Given records:
════

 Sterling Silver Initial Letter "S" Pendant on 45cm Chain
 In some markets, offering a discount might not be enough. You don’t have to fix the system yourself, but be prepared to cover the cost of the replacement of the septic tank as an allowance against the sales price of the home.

════

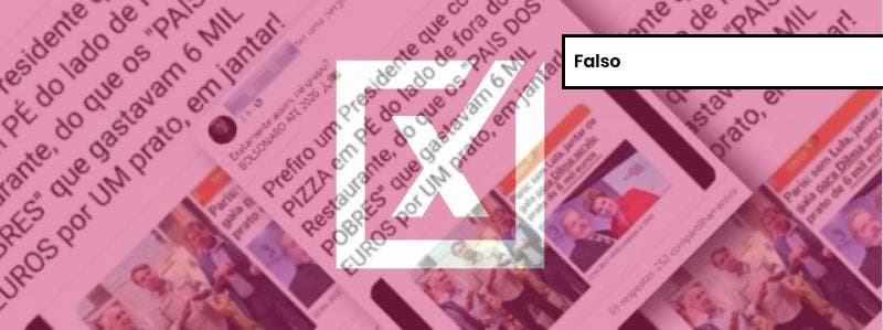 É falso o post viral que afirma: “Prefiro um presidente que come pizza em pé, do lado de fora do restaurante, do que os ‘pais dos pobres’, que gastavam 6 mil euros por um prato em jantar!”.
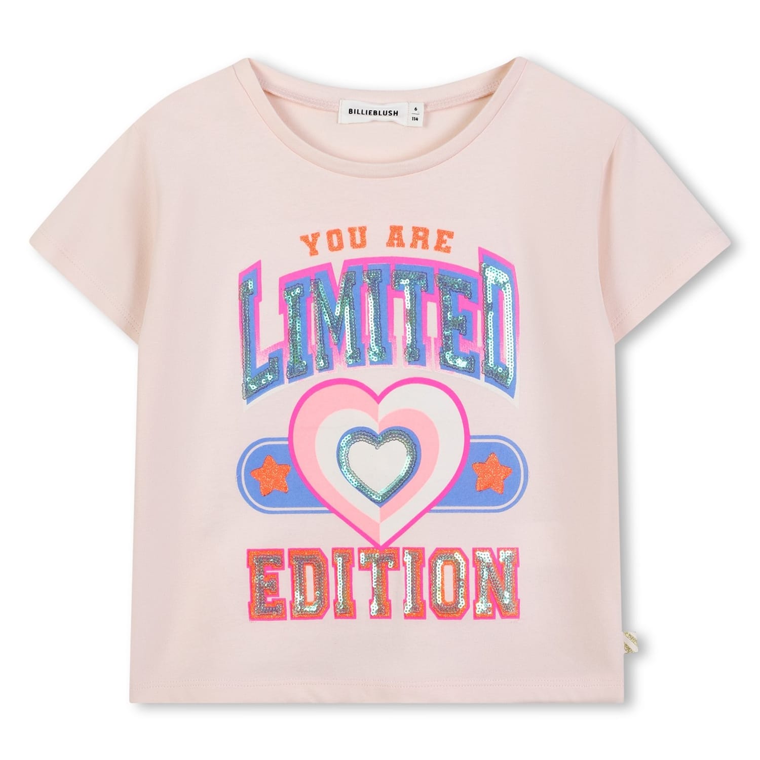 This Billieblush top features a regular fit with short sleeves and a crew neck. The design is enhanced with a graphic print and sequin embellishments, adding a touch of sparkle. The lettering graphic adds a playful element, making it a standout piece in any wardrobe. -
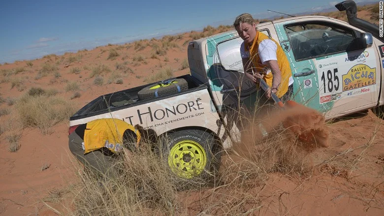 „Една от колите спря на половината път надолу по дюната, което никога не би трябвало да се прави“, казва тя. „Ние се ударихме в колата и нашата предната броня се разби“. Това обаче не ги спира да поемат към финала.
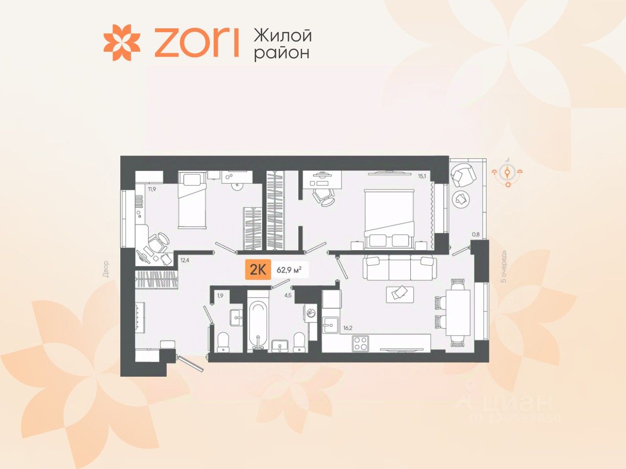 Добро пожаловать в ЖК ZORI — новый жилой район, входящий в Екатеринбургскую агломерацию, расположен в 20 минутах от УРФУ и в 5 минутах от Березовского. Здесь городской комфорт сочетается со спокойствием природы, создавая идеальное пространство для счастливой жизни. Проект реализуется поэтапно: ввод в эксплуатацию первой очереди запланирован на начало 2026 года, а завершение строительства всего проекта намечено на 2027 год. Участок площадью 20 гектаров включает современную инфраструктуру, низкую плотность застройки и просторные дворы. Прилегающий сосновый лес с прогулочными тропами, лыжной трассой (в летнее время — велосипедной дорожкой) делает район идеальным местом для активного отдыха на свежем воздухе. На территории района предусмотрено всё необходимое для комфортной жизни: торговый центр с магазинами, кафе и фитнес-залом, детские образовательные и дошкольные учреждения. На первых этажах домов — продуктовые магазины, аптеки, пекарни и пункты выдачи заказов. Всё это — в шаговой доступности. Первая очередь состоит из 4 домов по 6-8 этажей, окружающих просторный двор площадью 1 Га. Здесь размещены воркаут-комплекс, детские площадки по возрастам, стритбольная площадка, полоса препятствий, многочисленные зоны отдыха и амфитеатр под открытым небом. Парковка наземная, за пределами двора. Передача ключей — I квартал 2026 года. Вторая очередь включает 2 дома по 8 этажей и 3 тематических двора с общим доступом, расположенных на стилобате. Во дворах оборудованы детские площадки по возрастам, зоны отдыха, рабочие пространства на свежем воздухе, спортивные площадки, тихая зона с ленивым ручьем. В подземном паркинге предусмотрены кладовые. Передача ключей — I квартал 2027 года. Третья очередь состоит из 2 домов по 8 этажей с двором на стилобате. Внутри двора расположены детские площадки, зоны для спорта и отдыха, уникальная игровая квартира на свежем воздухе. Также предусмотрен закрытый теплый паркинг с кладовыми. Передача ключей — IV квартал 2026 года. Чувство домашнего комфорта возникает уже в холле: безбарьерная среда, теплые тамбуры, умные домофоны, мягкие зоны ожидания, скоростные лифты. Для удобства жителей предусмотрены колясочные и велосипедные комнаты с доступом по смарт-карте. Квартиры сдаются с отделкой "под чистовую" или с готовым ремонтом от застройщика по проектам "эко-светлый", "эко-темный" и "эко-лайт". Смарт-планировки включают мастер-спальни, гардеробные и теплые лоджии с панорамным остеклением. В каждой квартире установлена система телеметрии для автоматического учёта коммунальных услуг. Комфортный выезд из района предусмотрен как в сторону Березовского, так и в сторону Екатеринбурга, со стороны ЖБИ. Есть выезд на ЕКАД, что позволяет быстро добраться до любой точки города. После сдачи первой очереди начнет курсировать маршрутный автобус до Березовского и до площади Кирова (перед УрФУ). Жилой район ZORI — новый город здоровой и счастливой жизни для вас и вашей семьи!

════

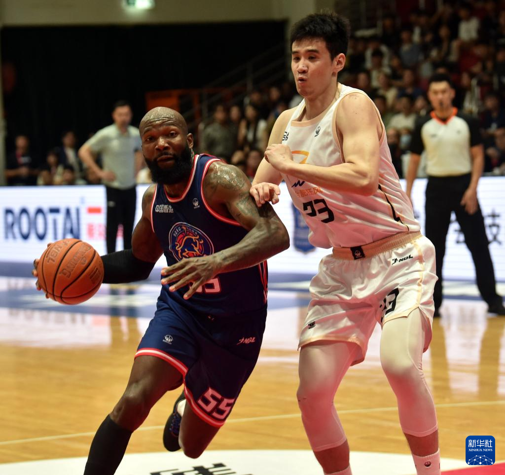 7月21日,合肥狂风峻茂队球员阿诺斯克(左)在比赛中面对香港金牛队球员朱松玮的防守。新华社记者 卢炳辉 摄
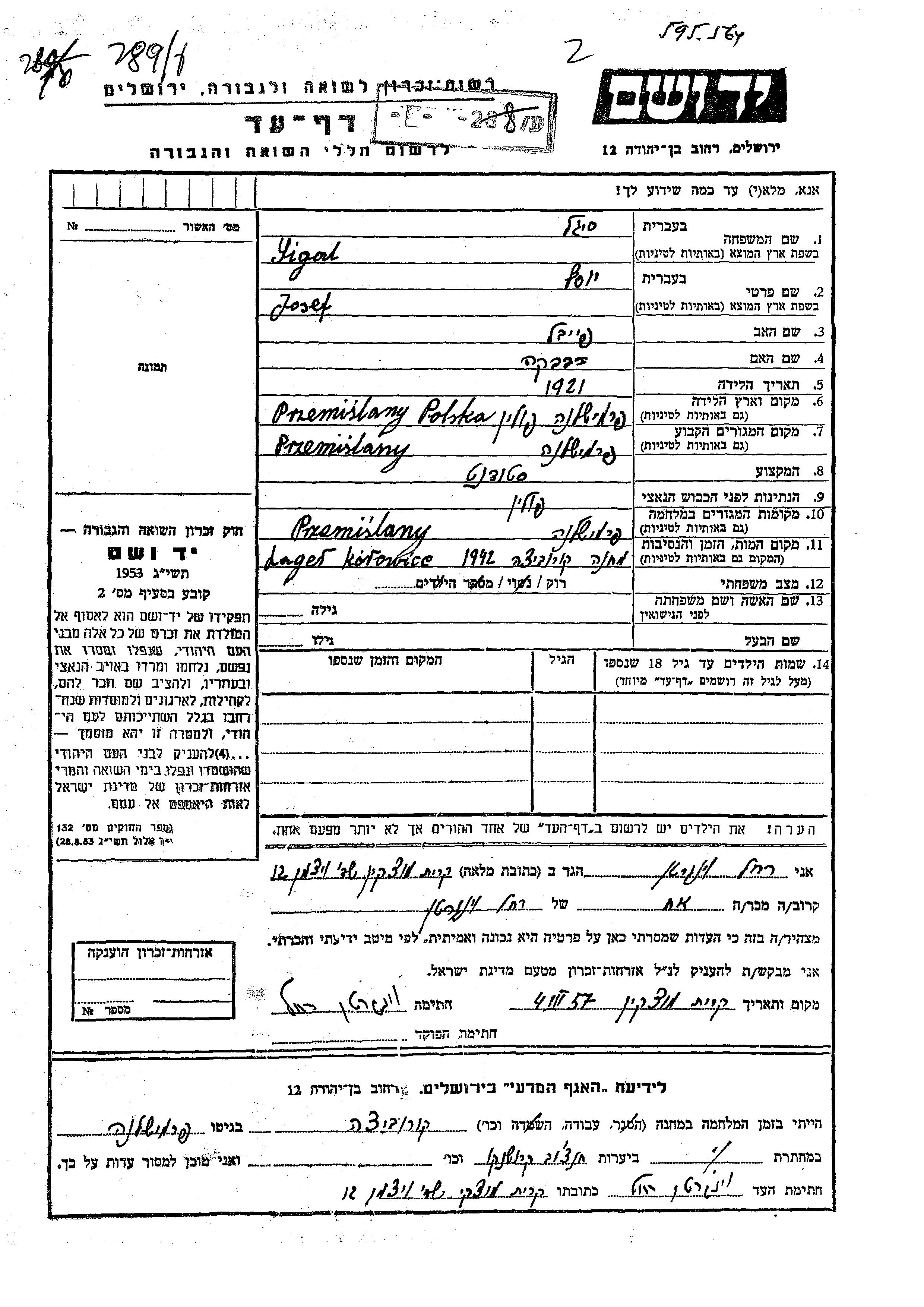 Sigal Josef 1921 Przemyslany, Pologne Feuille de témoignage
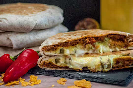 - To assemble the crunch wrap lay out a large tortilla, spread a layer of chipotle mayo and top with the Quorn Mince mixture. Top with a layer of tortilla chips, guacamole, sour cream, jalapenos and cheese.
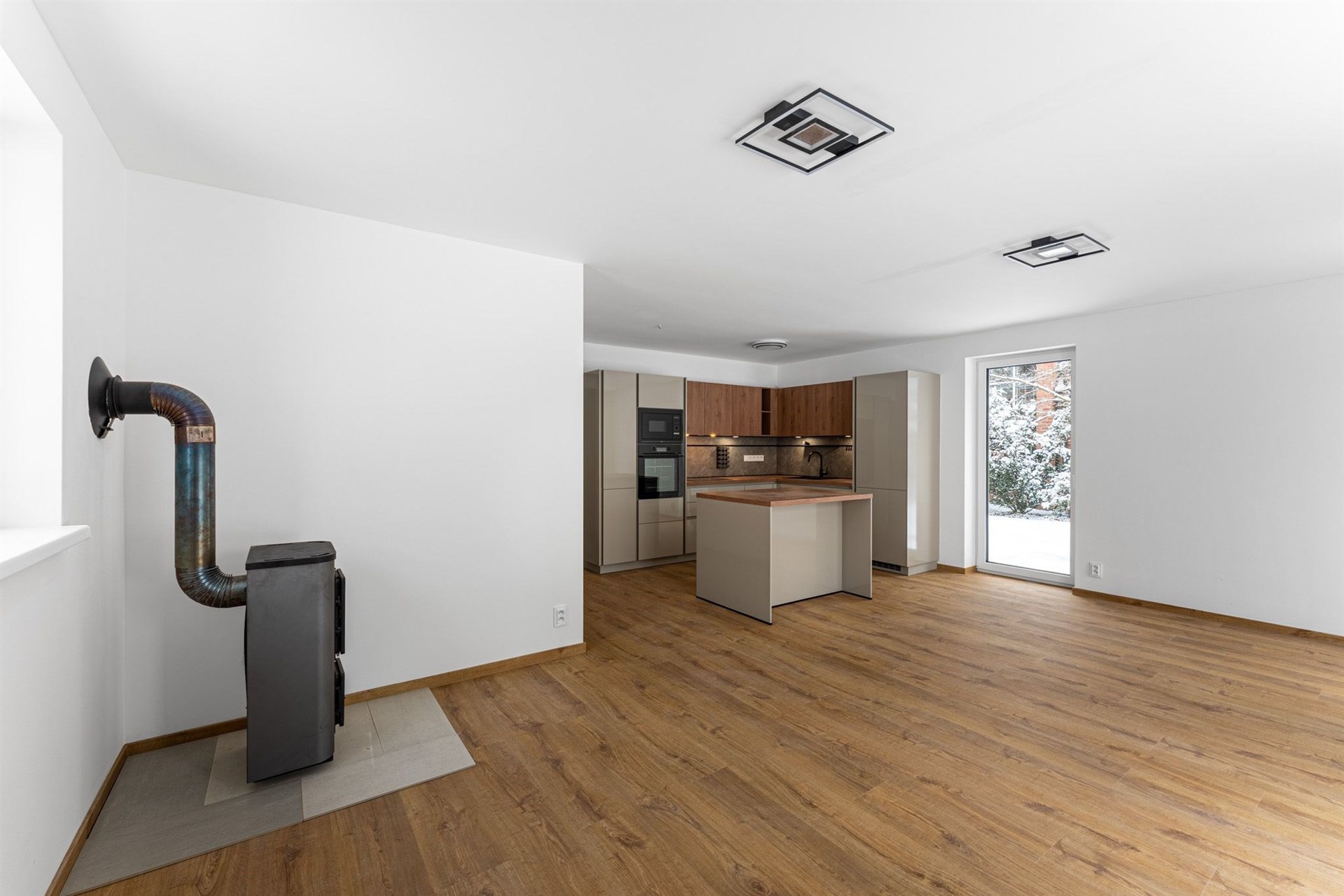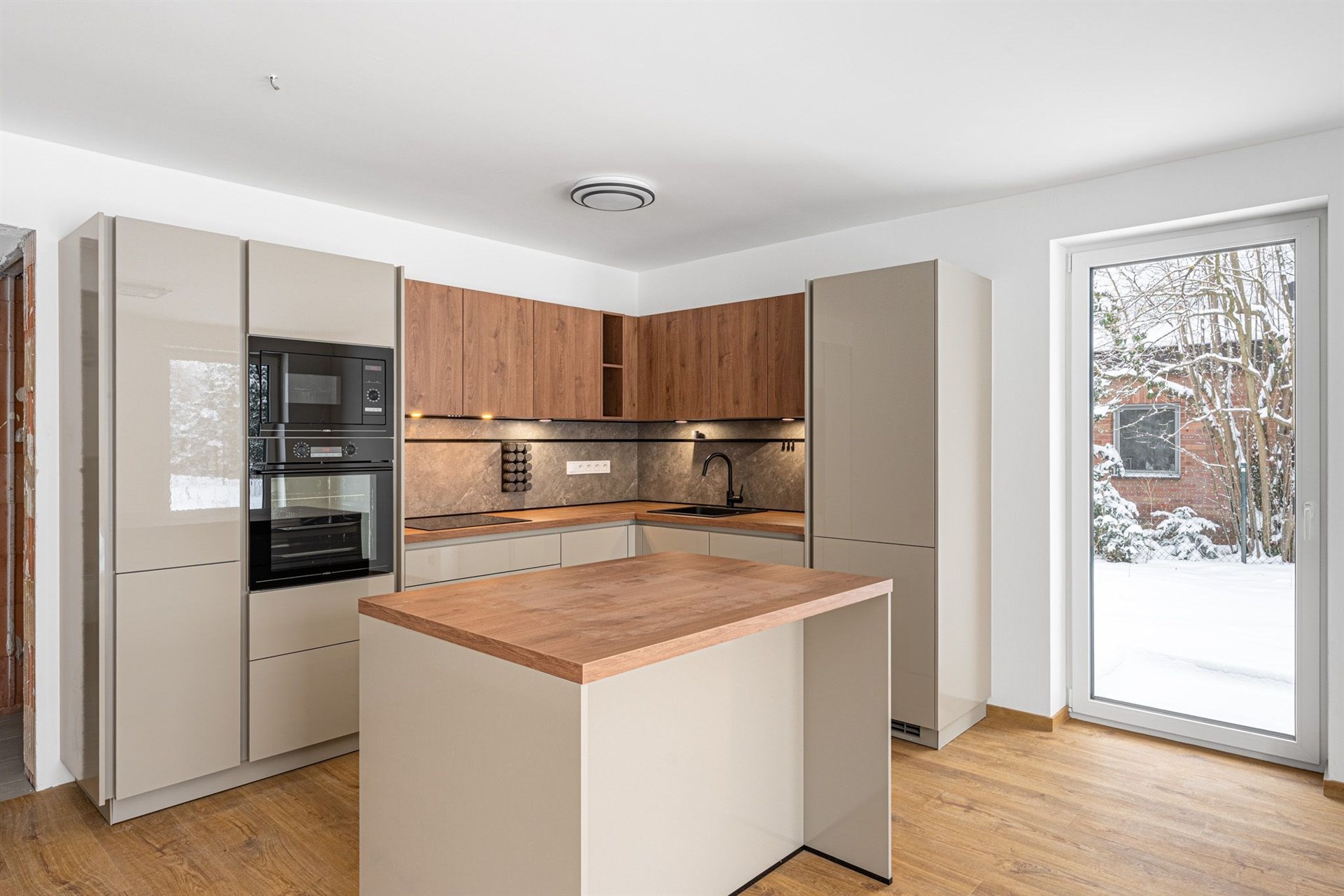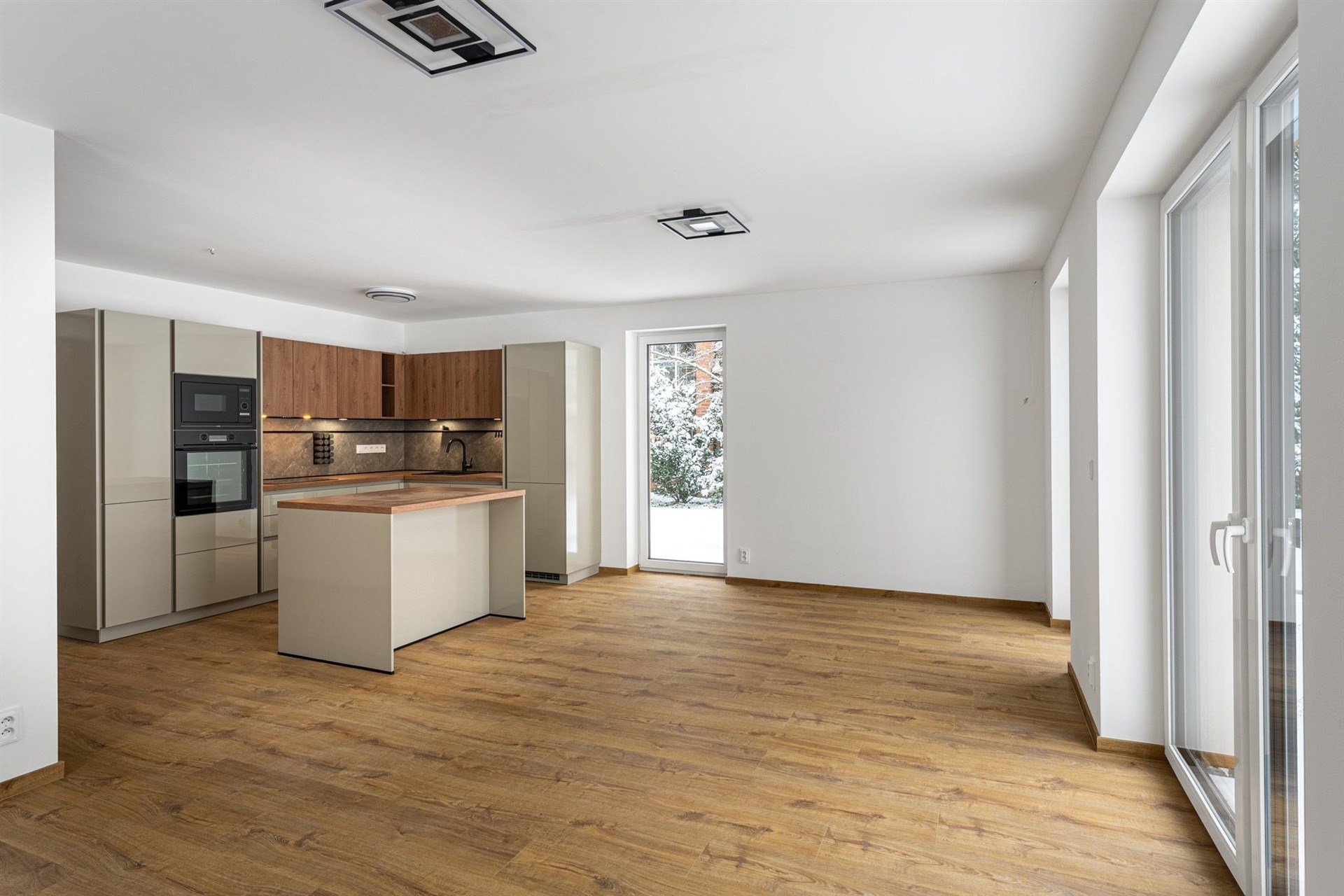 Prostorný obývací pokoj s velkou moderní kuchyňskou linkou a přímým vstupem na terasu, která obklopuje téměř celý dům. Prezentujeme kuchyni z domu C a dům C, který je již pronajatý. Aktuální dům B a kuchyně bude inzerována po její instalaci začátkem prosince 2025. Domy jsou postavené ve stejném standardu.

════

What you have to do:
Beginning at the line with "Sterling Silver Initial" and stopping after the line with "In some markets, offering", please write out every line of the data above exactly and nothing else.

Task solution:
 Sterling Silver Initial Letter "S" Pendant on 45cm Chain
 In some markets, offering a discount might not be enough. You don’t have to fix the system yourself, but be prepared to cover the cost of the replacement of the septic tank as an allowance against the sales price of the home.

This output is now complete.